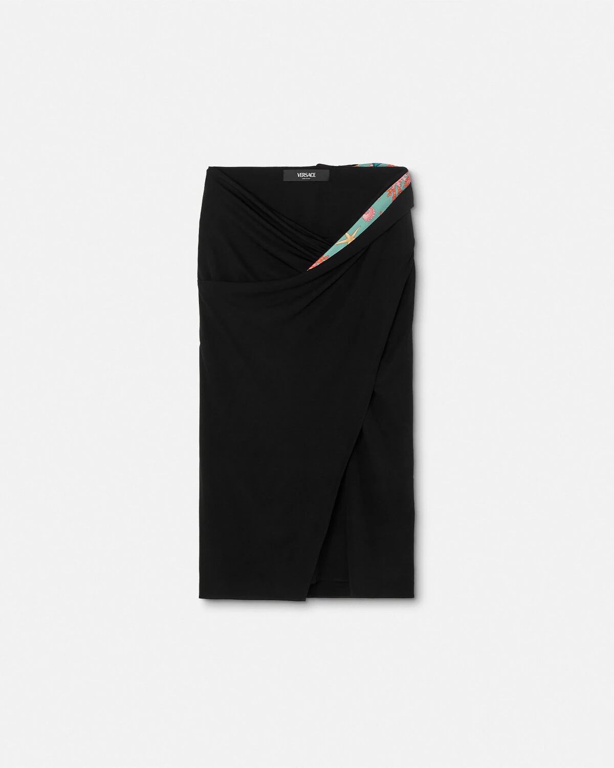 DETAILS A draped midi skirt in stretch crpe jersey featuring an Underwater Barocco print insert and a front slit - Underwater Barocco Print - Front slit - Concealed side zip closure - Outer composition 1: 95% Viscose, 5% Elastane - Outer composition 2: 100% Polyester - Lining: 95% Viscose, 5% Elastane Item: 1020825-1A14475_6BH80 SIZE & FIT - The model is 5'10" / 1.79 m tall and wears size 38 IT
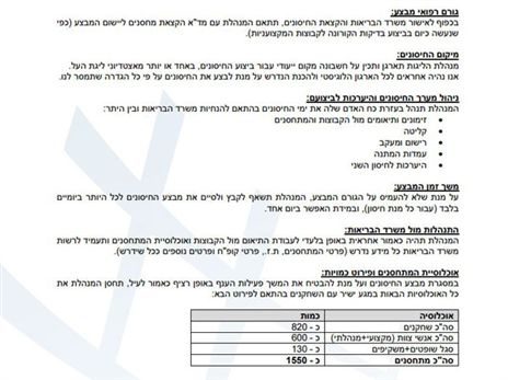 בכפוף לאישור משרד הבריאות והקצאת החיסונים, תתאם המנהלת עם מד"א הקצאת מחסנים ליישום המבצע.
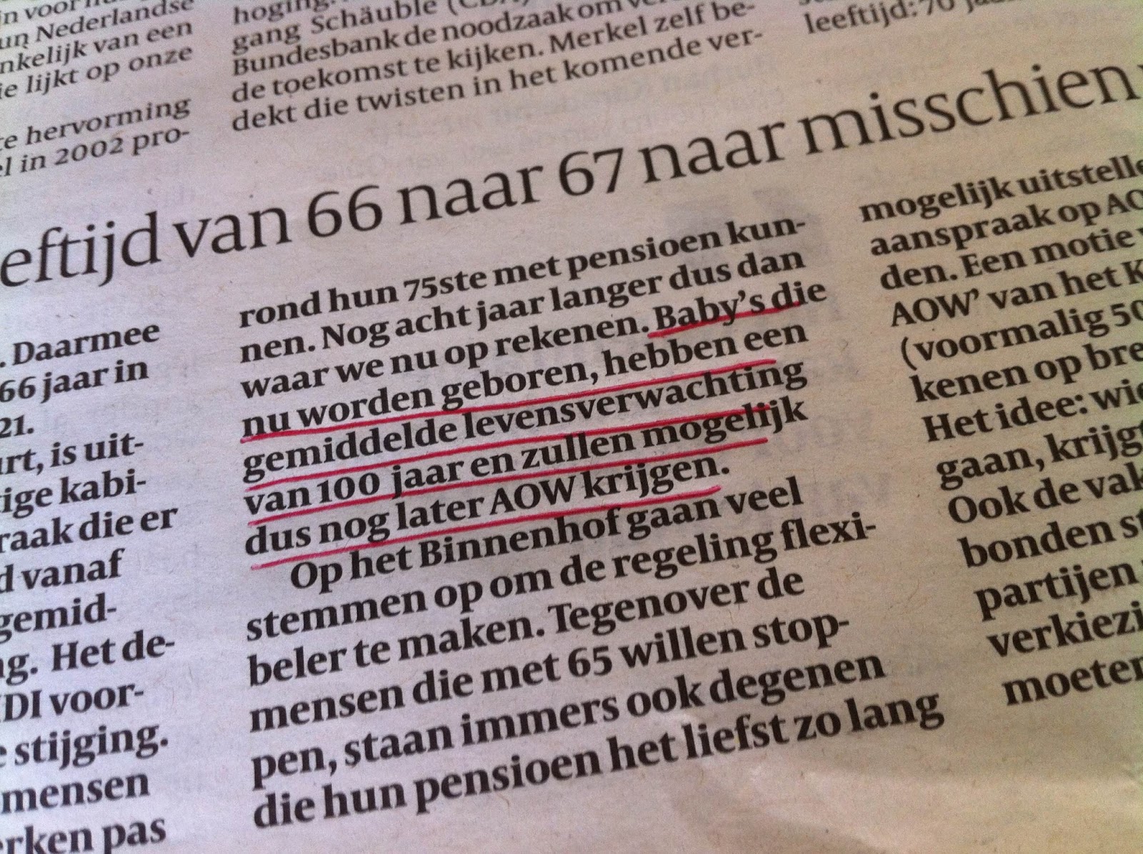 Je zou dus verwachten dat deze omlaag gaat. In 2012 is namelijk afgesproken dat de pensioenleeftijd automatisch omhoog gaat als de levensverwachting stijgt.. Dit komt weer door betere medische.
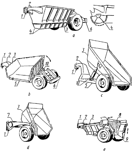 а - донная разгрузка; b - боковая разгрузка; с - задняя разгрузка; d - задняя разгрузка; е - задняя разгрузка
——
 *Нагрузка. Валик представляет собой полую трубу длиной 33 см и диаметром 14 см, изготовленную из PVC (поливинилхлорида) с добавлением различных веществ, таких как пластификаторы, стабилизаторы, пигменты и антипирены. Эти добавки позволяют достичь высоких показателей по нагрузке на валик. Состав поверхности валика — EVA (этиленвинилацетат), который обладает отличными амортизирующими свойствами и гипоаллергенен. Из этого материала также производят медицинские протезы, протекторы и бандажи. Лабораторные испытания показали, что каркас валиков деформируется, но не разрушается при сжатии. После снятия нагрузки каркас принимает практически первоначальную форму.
——
* Work required: What should come back is an exact copy of the lines above from the line with "DETAILS A draped" to the line with "Je zou dus verwachten", both included, minus the pictures.

* Task answer:
 DETAILS A draped midi skirt in stretch crpe jersey featuring an Underwater Barocco print insert and a front slit - Underwater Barocco Print - Front slit - Concealed side zip closure - Outer composition 1: 95% Viscose, 5% Elastane - Outer composition 2: 100% Polyester - Lining: 95% Viscose, 5% Elastane Item: 1020825-1A14475_6BH80 SIZE & FIT - The model is 5'10" / 1.79 m tall and wears size 38 IT
 בכפוף לאישור משרד הבריאות והקצאת החיסונים, תתאם המנהלת עם מד"א הקצאת מחסנים ליישום המבצע.
 Je zou dus verwachten dat deze omlaag gaat. In 2012 is namelijk afgesproken dat de pensioenleeftijd automatisch omhoog gaat als de levensverwachting stijgt.. Dit komt weer door betere medische.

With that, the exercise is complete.